Because the reach of Stark is so broad, the law itself contains specific exceptions that protect certain arrangements, which otherwise would be problematic. The interpretation of these exceptions, and the creation of new exceptions, has been delegated to the Health Care Financing Administration.

The administration issued proposed regulations on the Stark law during 1998. Since then, health care providers have been waiting for final regulations that would provide guidance on what arrangements were acceptable under Stark. The first part of these final regulations was published last month. The second half is expected to be released soon.

The final regulations make numerous changes to the Stark law as previously understood.

For example, physicians or groups that rent certain pieces of equipment on a daily basis might not be able to continue doing so because the final regulations make such arrangements difficult, if not impossible, to maintain.

Another example involves the potential for physicians to sell items such as crutches, canes and manual wheelchairs directly to their patients for a profit if specified requirements are met.

Because the changes are so significant, the administration has delayed enforcement of the new regulations until Jan. 4, 2002. The only exception pertains to provisions of the rule concerning physician relationships with home health providers, which are effective now.

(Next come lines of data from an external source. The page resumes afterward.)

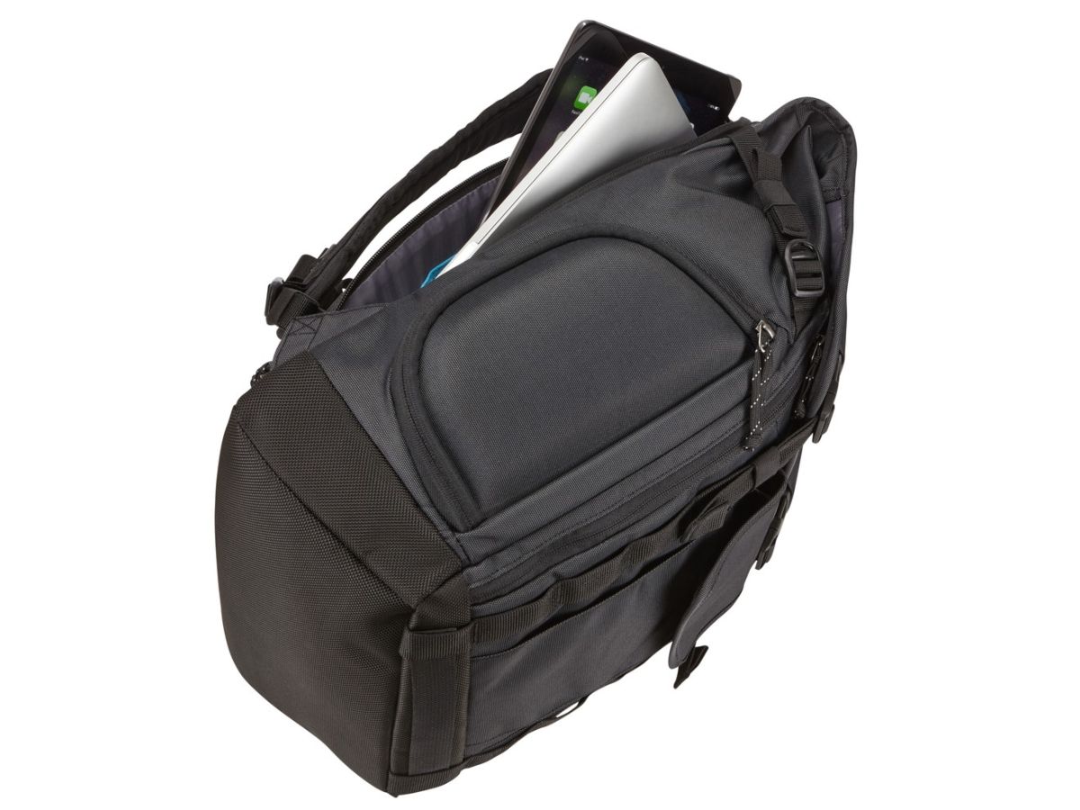 V hlavním oddílu, který má klopové uzavírání, naleznete polstrované kapsy pro bezpečné uložení 15'' MacBooku, 10,1'' tabletu a drobné elektroniky. Také je zde dostatek prostoru pro další věci. Notebook je chráněn polstrovanou konstrukcí SafeEdge.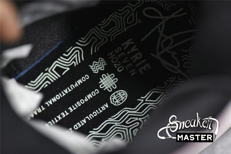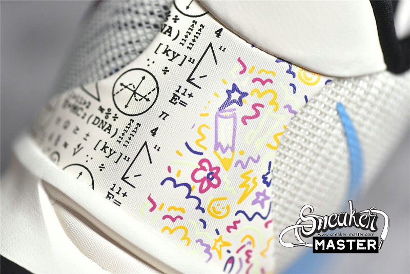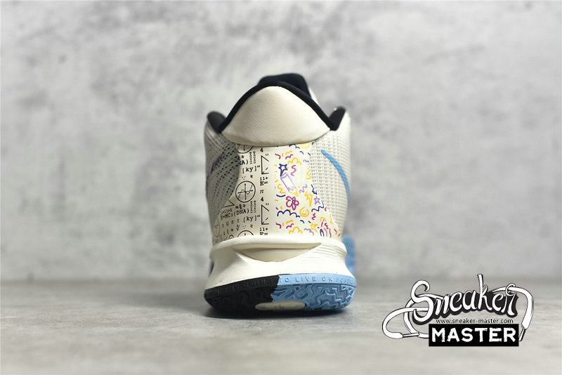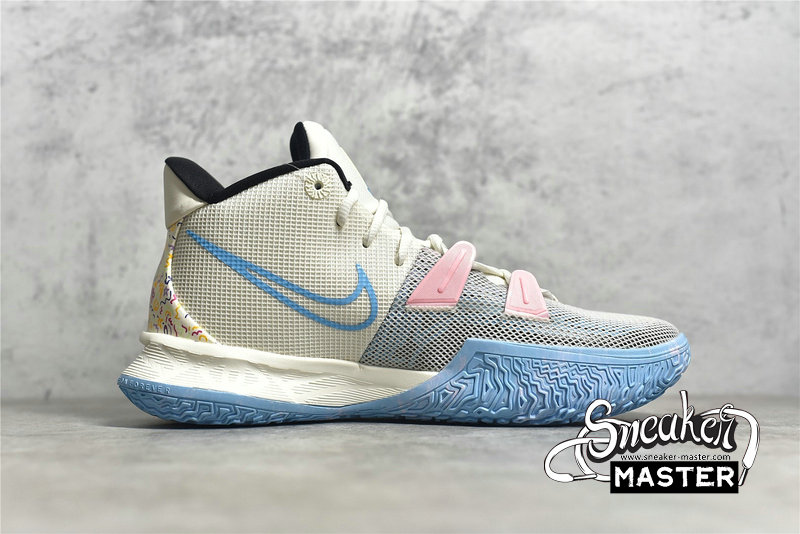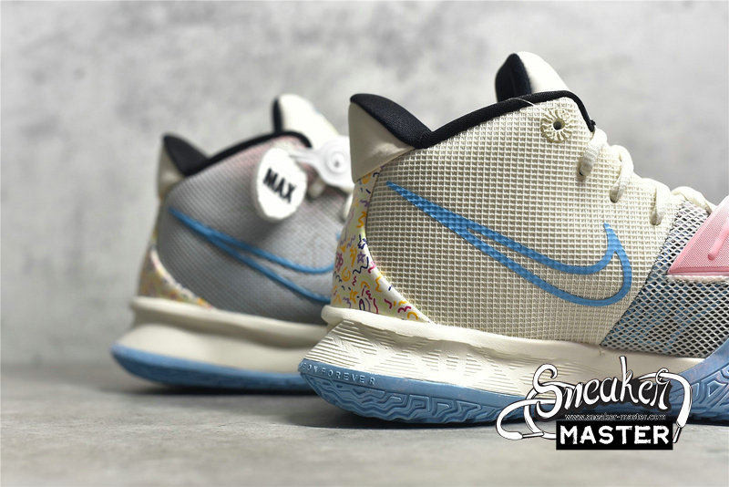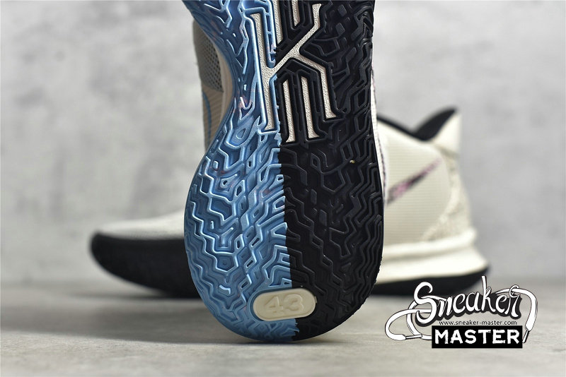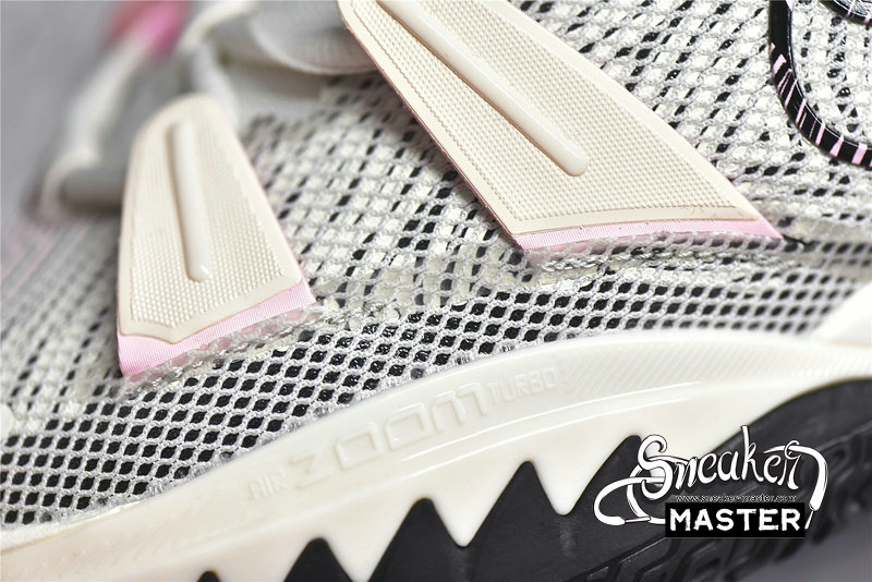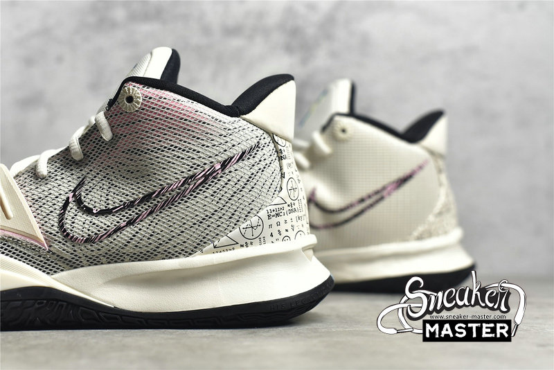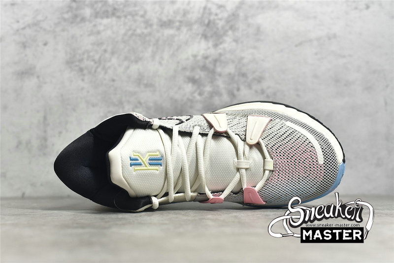 - The Kyrie 7 EP 'Pale Ivory' features a neutral mix hues and a unique design on its performance basketball construction. The shoe's upper is built with a mix of mesh and a textile inlay, which sports a series of swirling pastel color. The lateral side includes a pink and black Swoosh, with the lateral side sporting a printed blue Swoosh. The split construction continues onto the heel overlay, which includes a mix of equations and colorful doodles, while the rubber outsole, similiarly split, is built with durable rubber for outdoor play. Air Zoom Turbo in the forefoot of the phylon midsole provides cushioning.
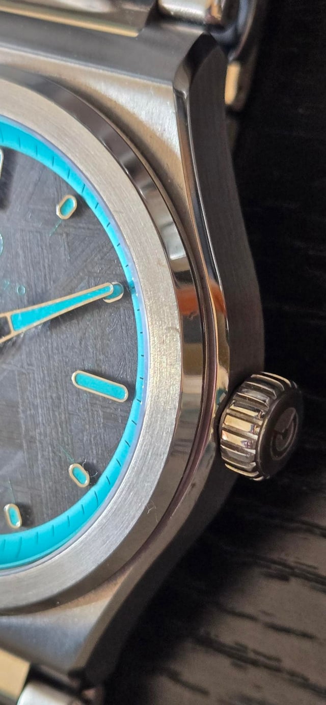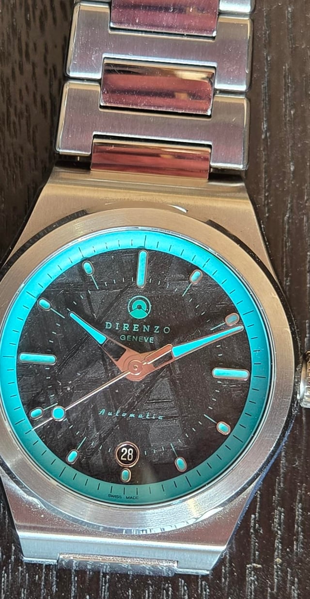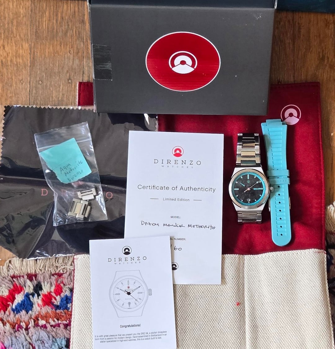 Greetings: Parting with my beautiful, unique Direnzo DRZ 04 Mondial Meteorite Dial with its light blue/turquoise accent. Swiss Made quality microbrand. This watch is in excellent condition. It's a rare find, a limited edition. Only 60 ever made. Full Kit includes a light blue/turquoise Mondial rubber strap. Asking **$1380** o.b.r.o shipped CONUS. International buyers pay shipping. Local San Francisco Bay Area pickup is ok. PayPal F&F. Add 4% for G&S. No trades please. Thanks! Here are the specs: |Bracelet|Metal bracelet with butterfly clasp| |:-|:-| |Diameter W/0 crown|40mm| |Lug to Lug|48mm| |Height|10.8 mm including sapphire| |Water resistance|10 atm| |Movement|Sellita SW-200-1 Elaboré + Incabloc| |Caseback|Screw down with sapphire crystal| |Weight|150gr. with bracelet (all links)|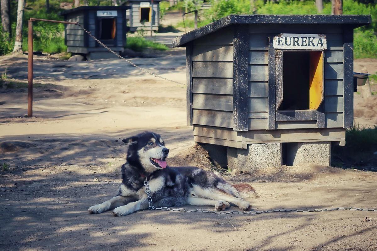Husky liegt entspannt an einer Hundehütte mit der Aufschrift „Eureka“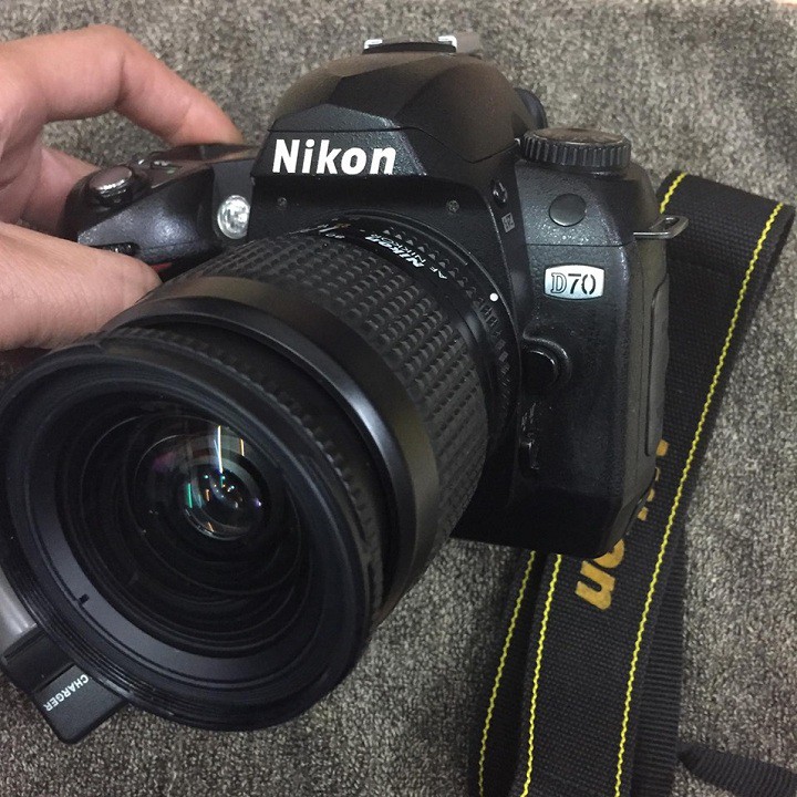 Máy ảnh Nikon D70 kèm lens 28-80 đẹp sưu tầmBộ Nikon D70 rất đẹp, hoạt động hoàn hảo, kèm pin, sạc thẻ nhớ, dây đeo đầy đủ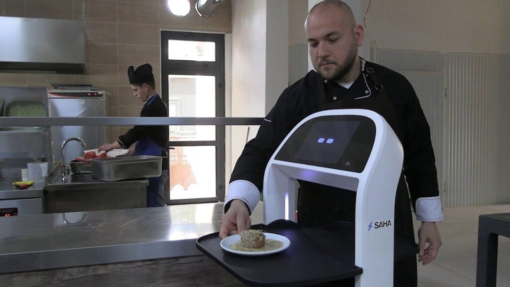 Taşkın, Meriç Sosyal Tesisleri’nde başlatılan dijital dönüşüm çalışmaları kapsamında yapay zeka destekli otonom servis, hizmet ve teslimat robotunun kullanılmaya başlandığını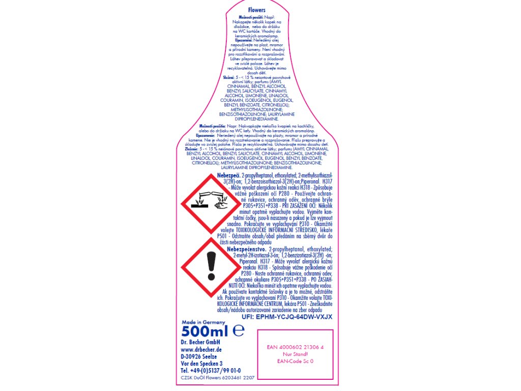 | Upozornění o nebezpečnosti: | Varování: Způsobuje vážné podráždění očí. Uchovávejte mimo dosah dětí. PŘI ZASAŽENÍ OČÍ: Několik minut opatrně vyplachujte vodou. Vyjměte kontaktní čočky, jsou-li nasazeny. Pokračujte ve vyplachování. Je-li nutná lékařská pomoc, mějte po ruce obal nebo štítek výrobku. Přetrvává-li podráždění očí: Vyhledejte lékařskou pomoc/ošetření. |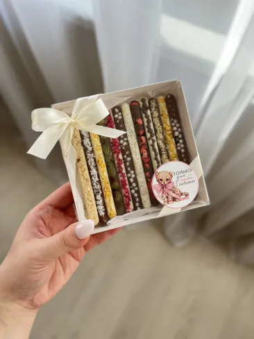 Состав: шоколад молочный (сахар, какао-масло, молоко сухое цельное, молоко сухое обезжиренное, какао тертое, эмульгатор лецитин, экстракт ванили), шоколад белый (сахар, какао-масло, молоко сухое обезжиренное, молоко сухое цельное, эмульгатор лецитин, экстракт ванили), гранат.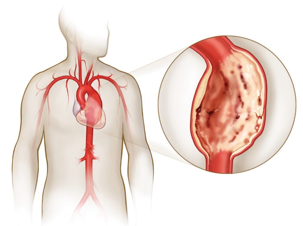 Аневризма — это аномальное расширение артерий, которое возникает из-за ослабления артериальной стенки (расширение сосуда на 50% и более от нормальных его размеров), такое увеличение сосуда, в свою очередь, приводит к истончению артериальной стенки, которое чревато серьезными осложнениями с частым летальным исходом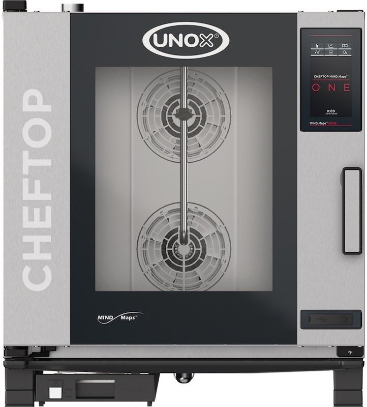 Пароконвектомат UNOX XEVC-0711-E1RM серии CHEFTOP MIND.Maps™ ONE предназначен для приготовления различных блюд, выпечки хлебобулочных и кондитерских изделий на предприятиях общественного питания и торговли, в пекарнях и кондитерских. Модель оснащена встроенной в дверь светодиодной LED-подсветкой и C-образными с зубчатыми нишами направляющими. Внутреннее открывающееся стекло облегчает чистку и обеспечивает максимальную гигиену. Камера с закругленными углами выполнена из нержавеющей стали AISI 304, направляющие - из профилированной стали, дверной замок - из высокопрочного самосмазывающегося технополимера, внутренний штифт дверной ручки - из углеродного волокна.

Physicians, and entities that have relationships with physicians, therefore generally will have a "window of opportunity," until Jan. 4, 2002 to review their existing arrangements and to make any changes necessary to come into compliance.

They also might wish to revisit potential arrangements they previously avoided to see if the Stark regulations regarding them have been relaxed. Health care providers must recognize that any previous analysis of Stark compliance should be revisited.